Saturday, April 21, 2007

Mean Girls

Mean Girls; comedy, USA, 2004; D: Mark Waters, S: Lindsay Lohan, Rachel McAdams, Lizzy Caplan, Lacey Chabert, Amanda Seyfried, Daniel Franzese, Tina Fey

Cady Heron is a teenage girl that spent her whole life in Africa, being teached by her mother at home. By moving back to USA, she enlists to a high school for the first time in her life, and her first day ends with her feeling like an outsider. Luckily, she makes friends with two other outsiders; Janis and Damian. Later on she meets a popular girl, Regina, who also becomes her friend. Regina also has two other girls that seem to follow her; Gretchen and Karen. Still, Regina proves to extremely superficial and evil, spreading bad rumors about Cady and stealing her crush Aaron from her. Janis and Damian use Cady to spy on Regina and try to ruin her reputation. After Cady becomes the new most popular girl, Regina frames her by placing a gossip book on every student in school. In the end, Cady realizes she became as superficial as Regina and decides to make up with Damian and Janice at the dance night.
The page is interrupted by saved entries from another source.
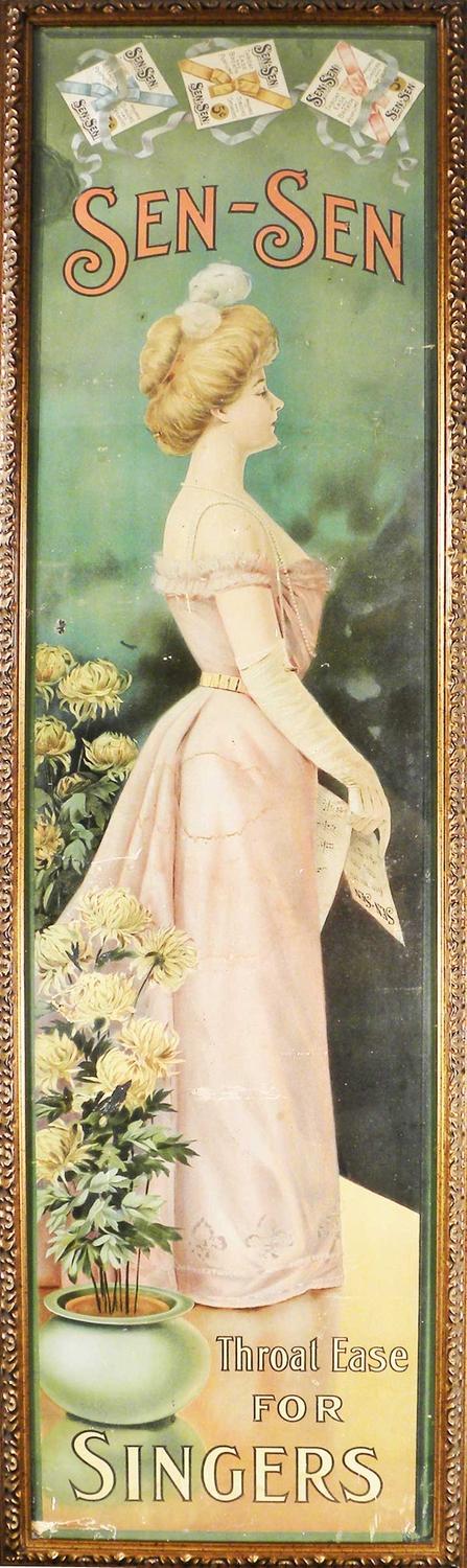 Sen- Sen Cardboard Sign. Entitled, "Throat Ease for Singers". Depicting woman singer. Dog ears on bottom corners, some staining and four holes across center other fair to good condition. 12 X 48 inches.
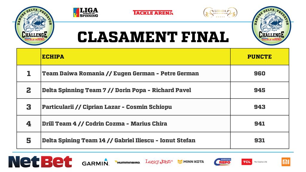 aplicatiei Predator Challenge. Au punctat cei mai mari 10 pesti prinsi in cele
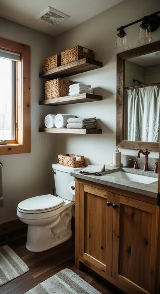 Add reclaimed wood shelving above the toilet for towel storage while maintaining that cozy cabin feel. Natural lighting works perfectly with warm textures like woven baskets and linen towels. Choose earthy color palettes—deep browns, cream whites, and sage greens complement wood beautifully. Consider a vanity design that maximizes both storage capacity and visual appeal for your guests. Finish with copper fixtures and mason jar accessories to complete your rustic metamorphosis.
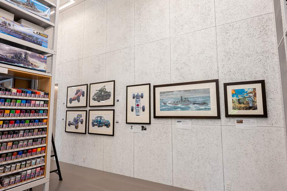 시설 내부에서는 프라모델 상자를 장식하는 박스 아트의 복제화도 전시하고 있습니다. 프라모델 상자에 사진이 아니라 그림을 사용하는 이유는, 패키지에 적합한 사진을 준비하기가 어렵다는 점과, 그림을 사용하면 실물의 이미지와 박력을 전달할 수 있기 때문이라고 합니다.

"Mean Girls" isn't a stupid teen film it at first seems to be, but rather a solid, sometimes even sharp and clever satire that analyzes the world of high school and teenagers, capturing perfectly the double relationships of attractive, but superficial girls that are nominally friends, but actually hate each other. Already somewhere in a scene near the start of film, during the lunch, one of the characters, Janis, divides the whole school into groups; the popular, the outsiders, the foreigners, the dumb, the smart, the sexually active and others, telling so casually more truth than expected. The plot concept is clever, the execution rather weak, standard, and the direction from Mark Waters is sometimes good, but also sometimes incompetent and silly. For instance, in one scene, Regina tells her mother's breast implants are as hard as a rock; when she shows up and hugs Cady, she almost causes her a slight pain with her "sharp" bust. Another awful joke is also centering over breasts; Karen, apparently a dumb blond girl, is questioned from Cady about what she is good at. She replies she can sense when it's going to rain in her breasts...but mostly when it's already raining. These kind of low attempts at humor reduce the film's quality, and its structure is confusing and eclectic, but the unusual story about the heroine Cady that "infiltrates" the rows of the evil Regina's clique as a mole seems like a girly version of a spy thriller and has its charm. Lindsay Lohan is pretty good as Cady, who near the end figures she herself became too superficial since she "started to talk about Regina 80 % of her time, while in the other 20 % she only thought how to start talking about her", but the best parts were delivered from Lizzy Caplan and Daniel Franzese as amusing outsiders Janice and Damian, whose roles were unfortunately too small for comfort.